Es comprensible el instinto de esperar. Los precios del hardware están por las nubes, los ciclos presupuestarios son complicados y los plazos de adquisición no se pueden acortar fácilmente. Dejar en el aire la decisión sobre el almacenamiento parece la opción más prudente.
No es así. Cada mes que se retrasa una compra de almacenamiento, el coste de esa compra final aumenta. No comprar no es una postura neutral. Es un compromiso de pagar el precio que haya en ese momento cuando por fin se cierre la operación, y en este mercado, esa cifra solo ha ido en una dirección.
¿Cuánto cuesta aplazar la compra de un sistema de almacenamiento en 2026?
Los precios del almacenamiento empresarial han subido entre un 46 % y un 50 % en los discos duros y un 257 % en los SSD desde septiembre de 2025. Para los equipos de TI que tienen pendiente una decisión de compra, ese retraso tiene un coste cuantificable: no es un riesgo vago, sino una cantidad en dólares que se ha ido acumulando cada mes que la decisión ha estado pendiente. Se prevé que los precios de los contratos de NAND suban otro 58 a 63 % solo en el segundo trimestre de 2026.
¿Cuánto ha costado realmente este aplazamiento de ocho meses?
Los precios de los discos duros empresariales ya estaban altos en septiembre de 2025. Ahora son entre un 46 % y un 50 % más caros. La subida de los precios de los SSD es aún más drástica: un SSD TLC de 30 TB costaba 3.062 dólares a mediados de 2025 y hoy ronda los 11.000 dólares. Un equipo de TI que tenía pendiente una decisión sobre almacenamiento desde septiembre sigue barajando el mismo hardware, pero a un precio muy diferente. Cuando por fin se cierre esa compra, se hará al precio actual.
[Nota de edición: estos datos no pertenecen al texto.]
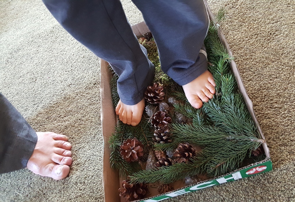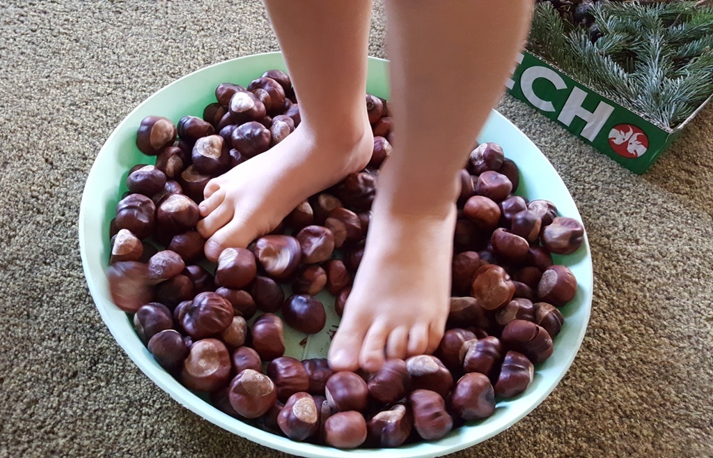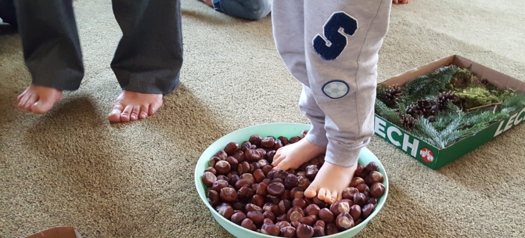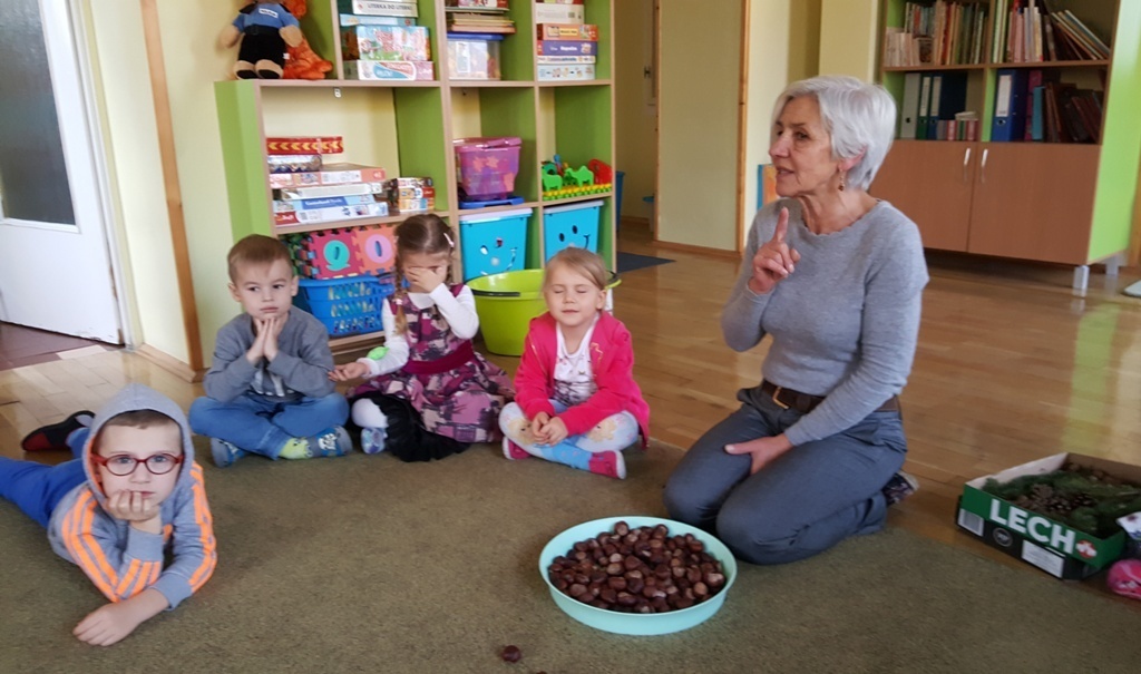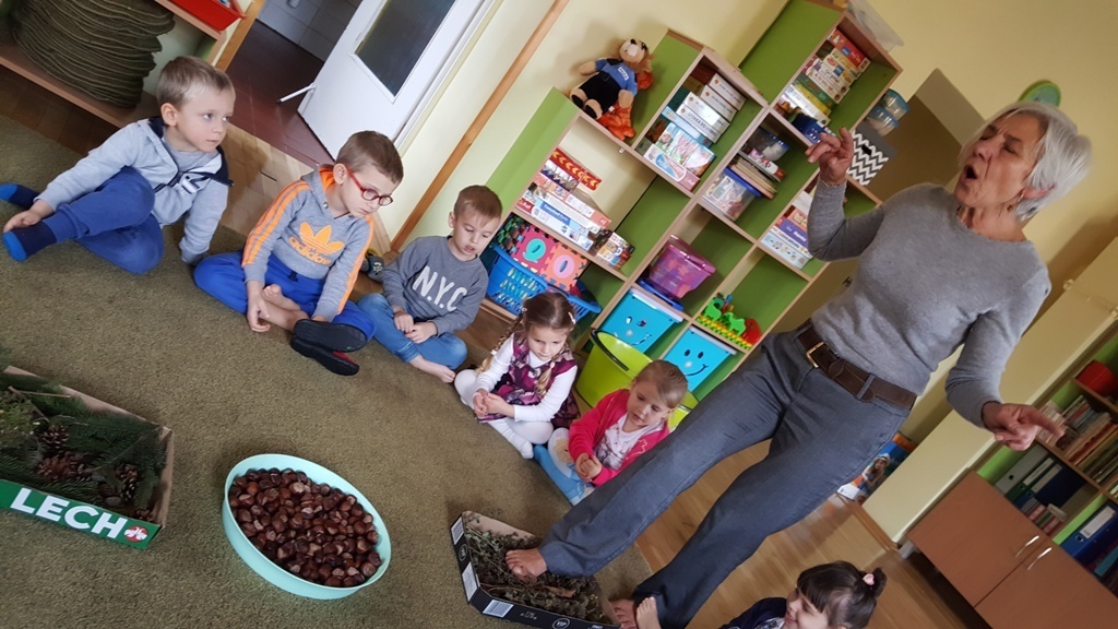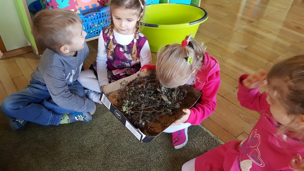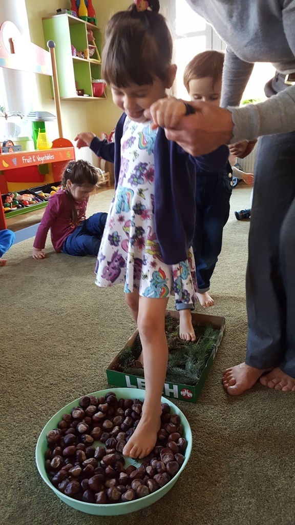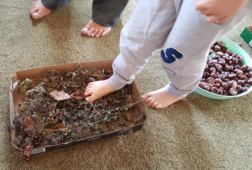 Ćwiczyliśmy dziś nasze zmysły. Wzrokiem, węchem, dotykiem i zapachem poznaliśmy pojemność niezwykłych kufrów, których zawartość stanowiły: kasztany, szyszki, mech, gałązki drzew iglastych, przeróżne zioła zebrane na łące późnym latem. Wszystkie te skarby znalazły się w przedszkolu dzięki naszej Pani psycholog. Zgadywanie samym dotykiem, węchem co znajduje się w danym pudle wcale nie jest takie proste jak mogłoby się wydawać. Było przy tym mnóstwo śmiechu, zabawnych sytuacji i zaskakujących rozwiązań. Wiemy już dlaczego natura wyposażyła człowieka w cztery zmysły. Samym tylko dotykiem trudno odróżnić jarzębinki od jadalnych jagód, a szyszki pod kory drzewa.
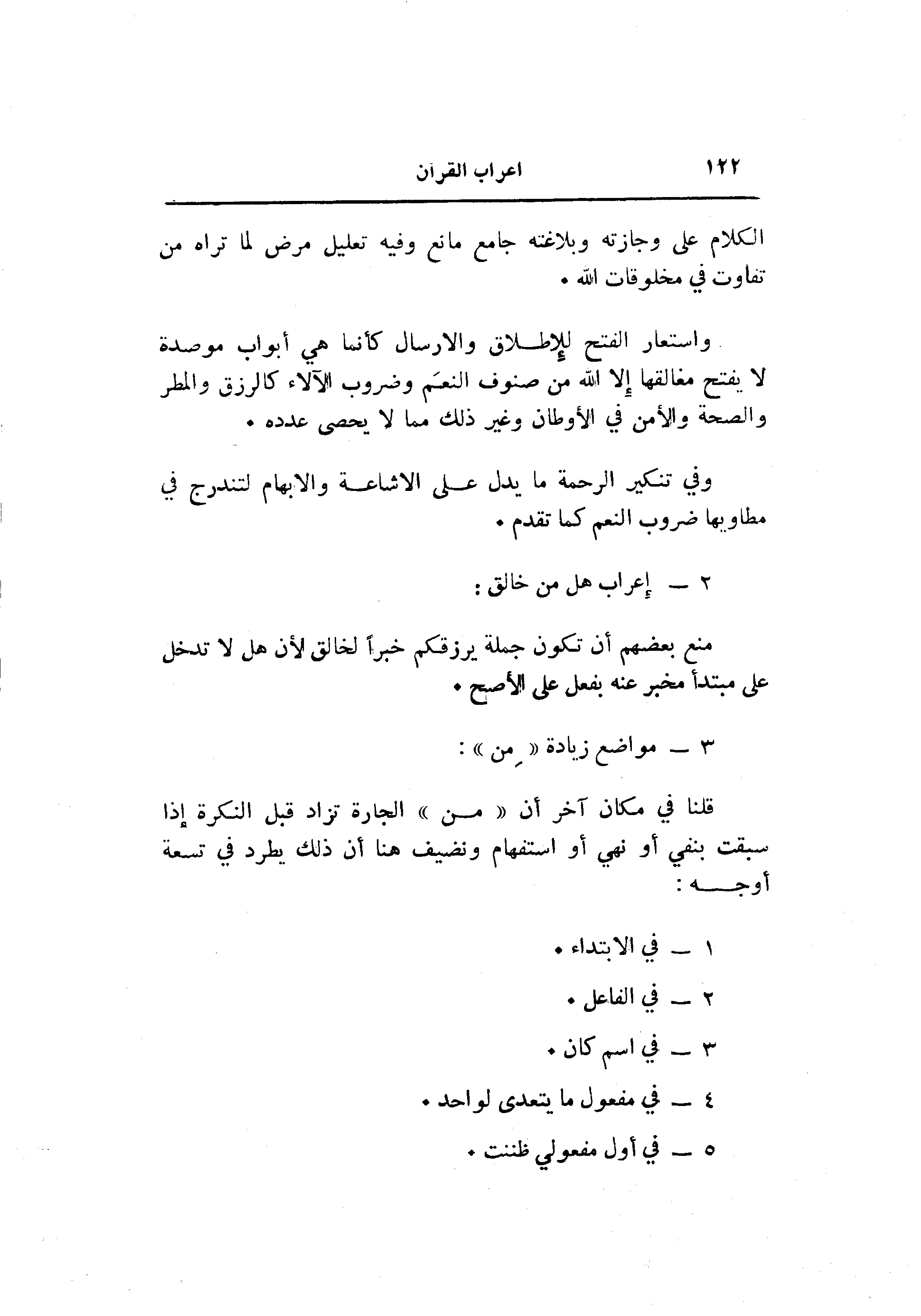 قلنا في مكان آخر أن «من» الجارة تزاد قبل النكرة إذا سبقت بنفي أو نهي أو استفهام ونضيف هنا أن ذلك يطرد في تسعة أوجه:
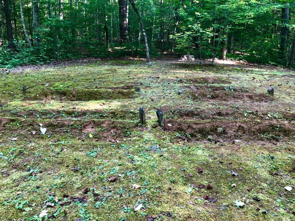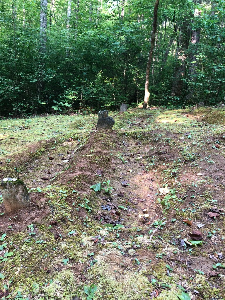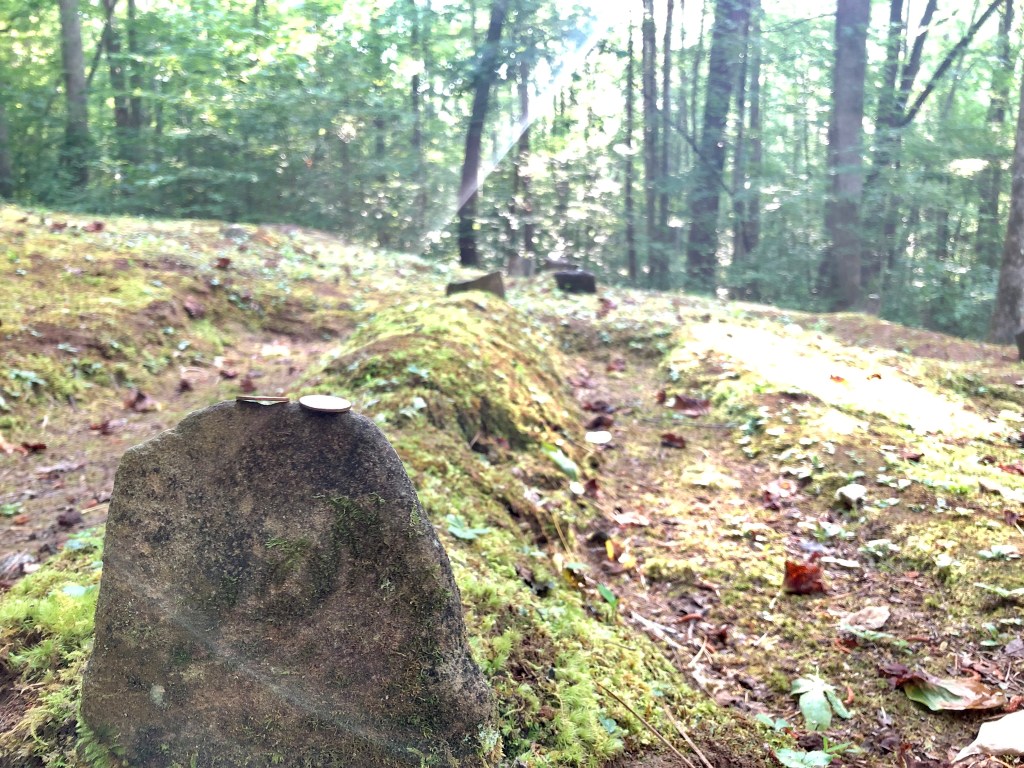 The cemetery sits in a quiet, mossy clearing in the woods and is unlike any that I’ve written about here before. The ground is not typically even, propped up by evenly spaced, hidden caskets six feet below. There are no finely cut markers with dates or names, let alone a fanciful verse or a carved angel. There is no gate, nor a sign warning visitors that they have entered hallowed ground.
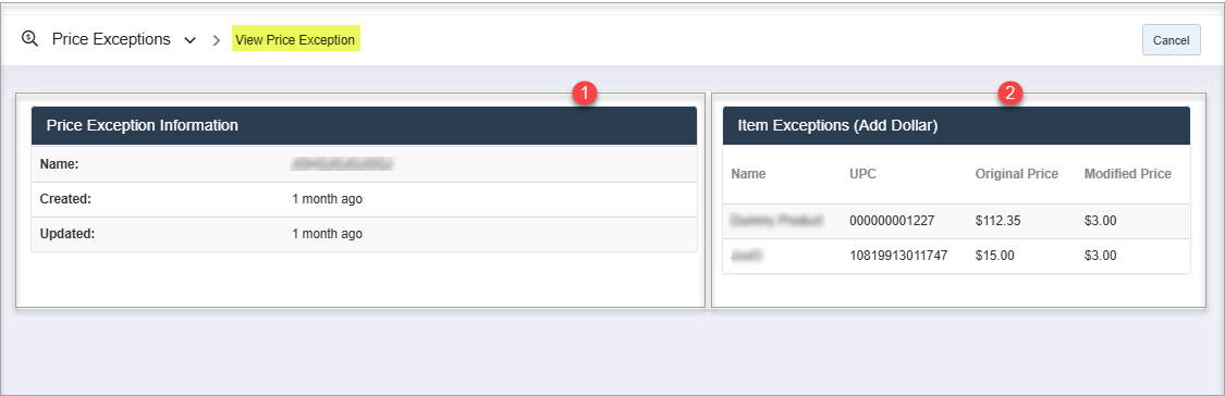 - Name: The identifier or title of the price exception.
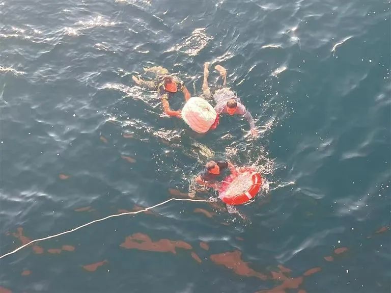“他们不停地问还有没有其他人,又递救生圈又扶软梯。我当时累得说不出话,只知道自己遇到好人了。”获救者陈先生哽咽道。
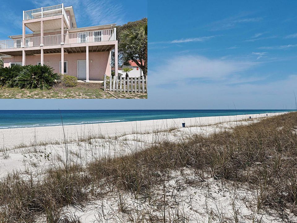 AWESOME Gulf Views! Huge $26,000 price drop on 4/28/15This is the one you've been waiting for! Located on West End of PCB in Laguna Beach and only 3 lots off of FBR behind famous landmark Thomas' Donuts. 50x150 lot with 2 houses. Small cottage up front and 3 story stucco home built in 2003 at rear of lot. Incredible Gulf views. 1,795 sq ft. BR on first floor, full bath, kitchen, living/dining room w/fireplace. 2 BR's w/ensuites on second floor and 3rd floor can be 4th bedroom or den w/wetbar. Huge balconies on 2nd and 3rd floors. On septic but sewer is available. Large storage shed. Come see why this property is so special.
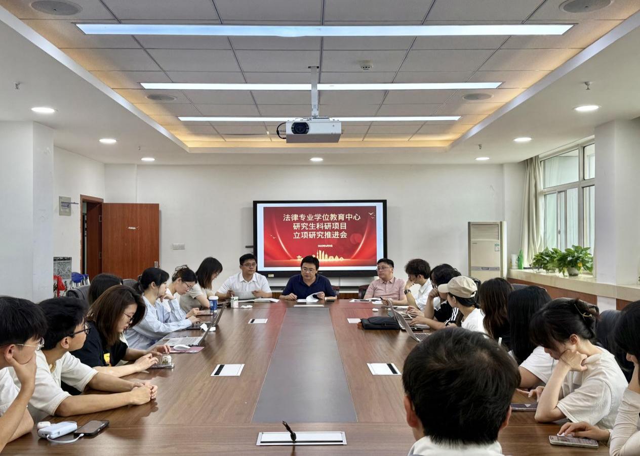 (通讯员 杨捷 乐茗绮)为进一步推进法律硕士专业学位研究生科研项目的高质量完成,提升科研育人实效,法律专业学位教育中心于6月9日召开研究生科研项目立项研究推进会。法律专业学位教育中心2025年立项全体研究生、法学院副院长兼法律专业学位教育中心副主任秦小建、副主任王广波、法律硕士(政务法治)培养方向研究生导师谭冰霖和教学秘书乐茗绮参会。
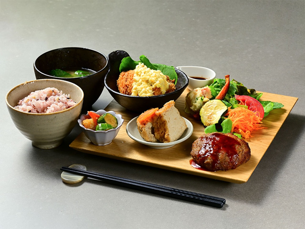 海辺の旅館「かつみや」が営むカフェです。シックで落ち着いた雰囲気の中で、海を眺めながら、ゆったりとランチやカフェが楽しめます。ランチでは、地元の食材をたっぷり使った「おばんざいプレート」を日替わりで提供しています。メインは魚か肉かお好みで。地元のへしこやあら汁もセットになっています。カフェメニューは、米粉のガトーショコラやチーズケーキといった手作りケーキやかき氷をご用意しています。
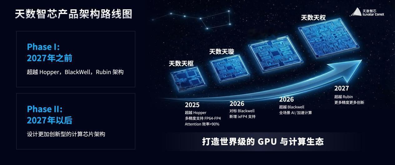 天数天璇架构新增ixFP4精度支持,进一步提升低精度计算效率;天数天玑架构实现全场景AI与加速计算覆盖,打破云端、边缘、终端算力壁垒;天数天权架构则融入更多创新设计,为突破性计算奠定基础。
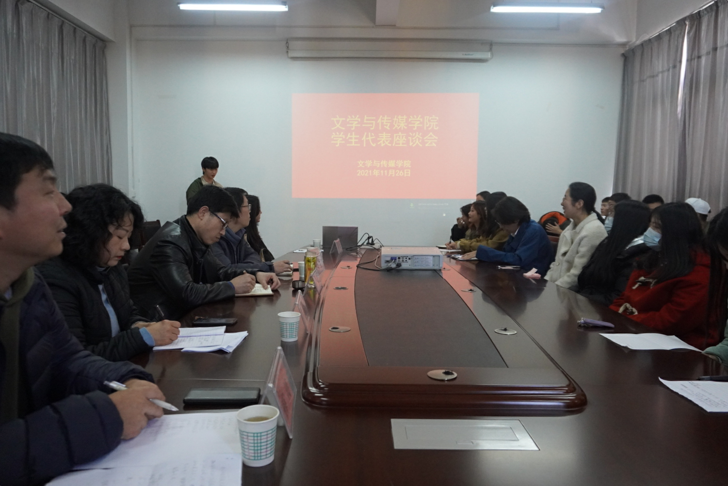 2021年11月26日下午,澳门网投唯一官网在图书馆六楼陕南民间文化研究中心召开学院学生代表座谈会。澳门网投唯一官网党总支书记芦伟、党总支副书记杨海蓉、副院长朱云、学工办副主任薛涛、团总支书记彭潇、辅导员艾全霞以及学院各班学生代表参加会议。会议由薛涛主持。
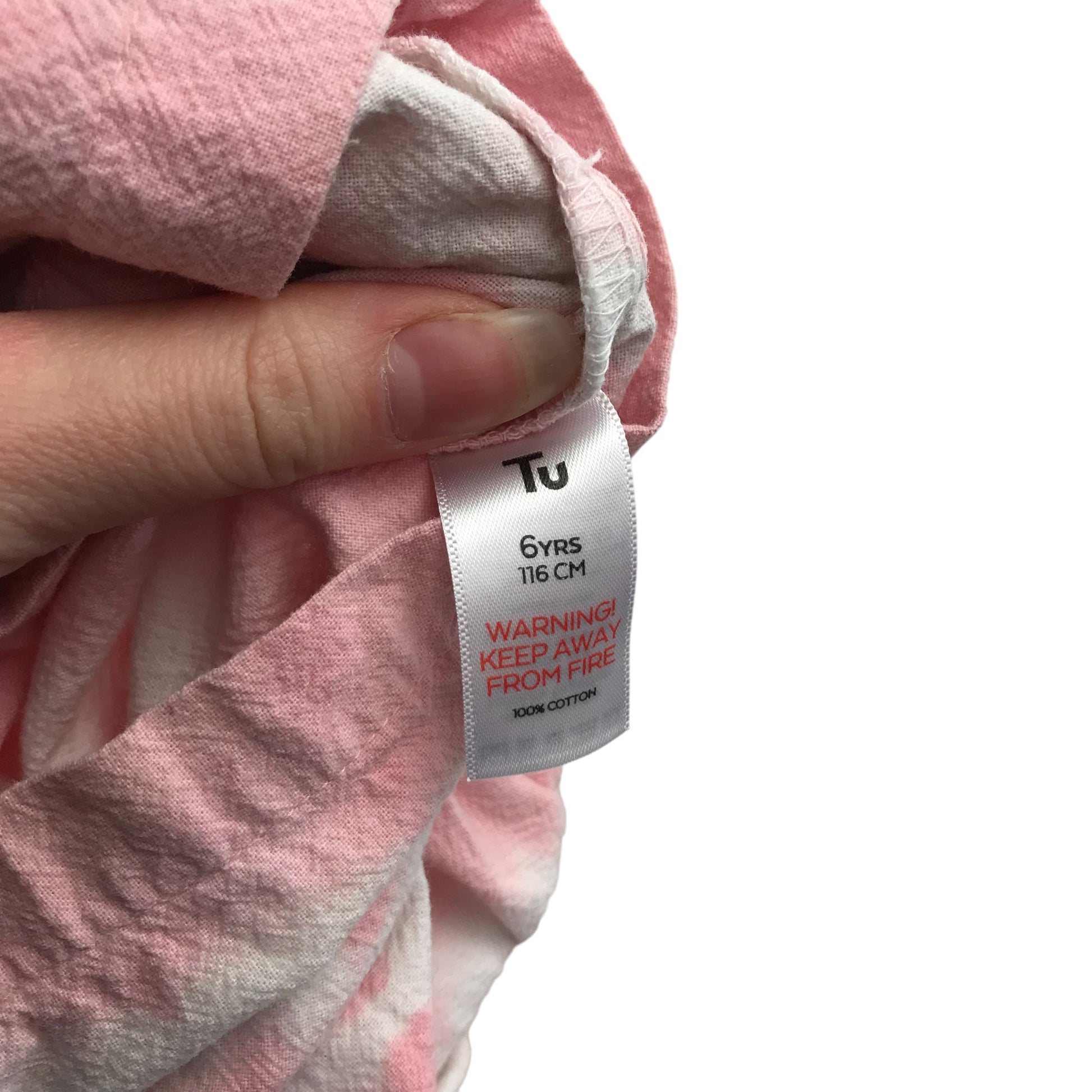Preloved second hand Tu Playsuit Age 6 Pink and White Tie Dye Pattern Jersey

Ese gasto no aparece en ninguna partida presupuestaria como «coste de no comprar». Aparece como el precio real cuando se firma la orden de compra.
Se prevé que los precios de contrato de la memoria NAND suban entre un 58 % y un 63 % solo en el segundo trimestre de 2026. Western Digital ya ha vendido toda su producción de discos duros para 2026 y está firmando contratos a largo plazo con hiperescaladores para 2027 y 2028. TrendForce, el director general de Phison y varios analistas del sector de componentes prevén que los precios no se estabilizarán antes de 2028, como muy pronto. Un equipo de TI que pospone la compra hasta 2027 no está esperando a que el mercado se estabilice. Está esperando a que pase el periodo en el que es más probable que los precios sigan fluctuando.
El problema del proceso de contratación pública
La objeción más obvia es de carácter práctico: la contratación lleva tiempo. Hay que pasar por aprobaciones, revisiones presupuestarias, evaluación de proveedores y firma de contratos. Para cuando un equipo motivado tiene por fin la orden de compra en la mano, la oferta con la que se inició todo el proceso suele haber caducado ya.
Eso es una limitación real, no una excusa. Los plazos de adquisición son los que son, y acortarlos genera otros problemas. El tema es que la mayoría de los proveedores de almacenamiento ofrecen presupuestos con un plazo de validez de entre tres y siete días en este mercado, lo cual no da tiempo suficiente para completar un ciclo de aprobación normal. Los equipos o bien se apresuran a cerrar el trato antes de que cambien las cifras, o bien vuelven a negociar los precios a mitad del proceso.
Incluso los compradores que ya han iniciado el proceso de aprobación están expuestos a nuevas fluctuaciones de precios antes de poder cerrar la compra. El retraso no se acaba cuando decides comprar.
¿Por qué la ventana de cotización cambia la ecuación?
Las configuraciones de la serie E y BEAST de Nexsan tienen una garantía de precio de 30 días. En el mercado actual, eso no es solo un gesto promocional. Es la diferencia entre un presupuesto que aguanta todo el ciclo de contratación y uno que no.
Treinta días son suficientes para presentar un presupuesto cerrado al director financiero, someterlo a revisión presupuestaria y volver con una orden de compra. Ese es el ciclo que sigue la mayoría de los departamentos de compras de las empresas. Cuando la validez del presupuesto y los plazos de aprobación coinciden, el precio al inicio del proceso es el mismo que al final.
El coste del aplazamiento no desaparece con una espera de 30 días. Pero sí desaparece el desajuste estructural entre la validez de la oferta y los plazos de adquisición. Fija el precio hoy mismo y lleva a cabo el proceso de aprobación al mismo tiempo. Así se detiene el reloj en esa parte del problema.
Los precios de una orden de compra reflejan cada mes de retraso que haya entre ahora y la firma. La única variable que controla un equipo de TI es cuántos de esos meses añaden.